New ideas push Ohio to esports gambling forefront

By Josh Walfish

Ohio State Senator Kirk Schuring introduced the bill that would greatly expand sports betting in the state, with 40 licenses being available for an initial $1 million fee and $500,000 fees in the second and third years of operation.

Half of the available licences will be available for casinos and other establishments that can already legally take a bet in Ohio. The other half would be aimed at the sportsbooks that would need to build physical locations in Ohio once sports gambling laws are passed to take advantage of the new online sports gambling laws. 

Two executives from the publicly traded Esports Entertainment Group testified before the Ohio Senate in relation to this bill. During their testimony, EEG’s chief financial officer Dan Marks and vice president of strategy Jeff Cohen mentioned the company’s recent partnership with the Cleveland Cavaliers announced last month. The duo also talked about the company’s plans to build several Helix Centers in the state to promote esports and bring their Vie esports betting platform to the state.

What this means for the United States

After Cohen and Marks testified in Columbus, EEG’s CEO Grant Johnson sent out a statement, which said in part, “We believe Ohio can form a model for innovation and investment in esports that other states will follow.” Indeed that is the hope for EEG, whose main focus is on growing the esports community and the world of professional video gaming. It is putting a lot of money into Ohio as the test case for the rest of the United States when it comes to adding esports options in the country.

Ohio’s bill is also the first to allow licence holders to have uncapped online sportsbook partnerships. That means that those holding licences in Ohio can partner with as many online sportsbooks as they desire, which would open up the market for online sports betting in the state and create more competition. This would allow more retail shopping of odds from a wider variety of betting entities.

The one potential issue for the esports industry is the bill would prohibit wagering on events featuring participants under the age of 18. The gaming industry is on the younger end, though none of the major teams in esports employ minors. It shouldn’t have a large effect on the betting scene but it is something to keep an eye on as the bill progresses through the Ohio legislature.

What’s coming next?

This bill still has a long way to go until it is implemented in Ohio. EEG’s testimony came in front of the Ohio Senate’s Select Committee on Gaming, so the bill not only has to get out of the subcommittee but then must also pass the full Senate and full state house before being signed by Governor Mike DeWine. Once signed, it will likely not take effect until 2022 at the earliest as sportsbooks begin trying to purchase licenses and Ohio builds the infrastructure required to handle the increase in gambling activities. 

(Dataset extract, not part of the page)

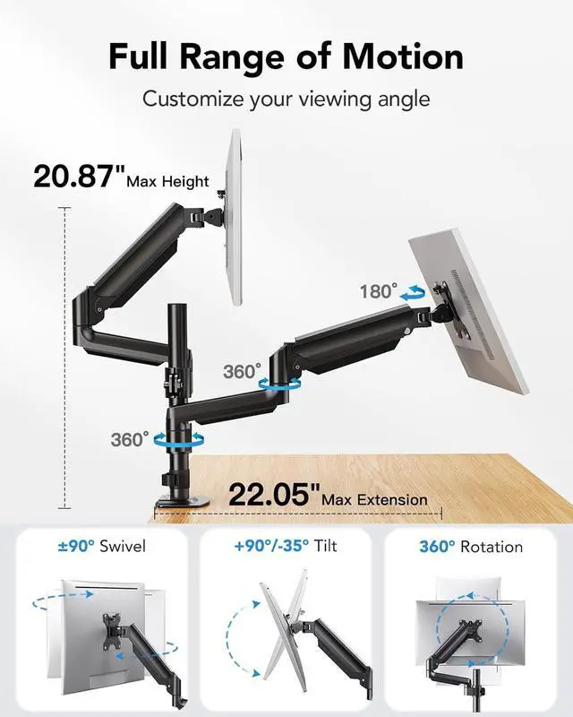 Customize Your Viewing Angle: The Huanuo dual monitor stand for desk features full motion flexibility with +90°/-35° screen tilt, 180° swivel range, and 360° monitor rotation for landscape or portrait mode. Also, after mounting the monitor, please use the Allen key to adjust the angle and tension of the tilt screw to ensure that the monitor mount is able to support the monitor stably.Easily configure an ergonomic viewing angle that can maximize comfort and productivity.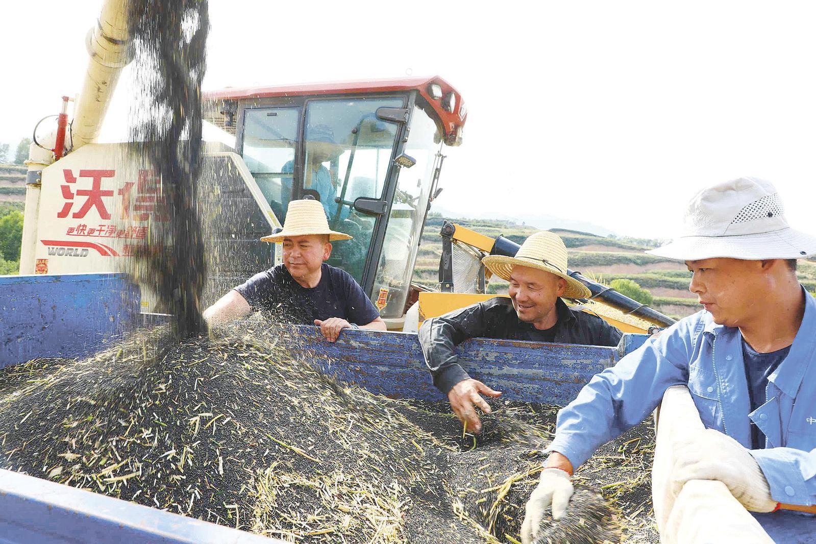 在一處坡洼的田塊里,一臺聯(lián)合收割機正在卸糧,收獲的油菜籽從卸糧口傾瀉而下,倒入三輪車斗里。“這塊田以前是撂荒地,我們合作社流轉(zhuǎn)后種植了油菜。今年雨水好,看莊稼長勢,油菜籽畝均產(chǎn)量至少在150公斤以上?!睆埣仪f村黨支部書記張斌先和村支部委員寧智祥捧起一把黑黝黝的油菜籽,臉上露出收獲的喜悅。

The battle of regulation for the sports betting industry in Ohio will be one of the major sticking points after it derailed the same bill last year. As the bill currently stands, the Casino Control Commission would oversee the sportsbooks and not the lottery, but the bill would allow the lottery to create $20 betting pools with winnings divided from losing wagers similar to the existing games from the Ohio Lottery. The uncapped partnerships are another hot-button topic that will surely be debated many times before the bill is passed.

Many eyes throughout the country will be on Ohio as these debates continue because the state’s eventual bill will likely be a template for future legislation. There are many unique ideas that Ohio is presenting, thanks in some small part of EEG’s commitment to the area, and any success Ohio has will be copied by the other states as sports gambling grows in the United States.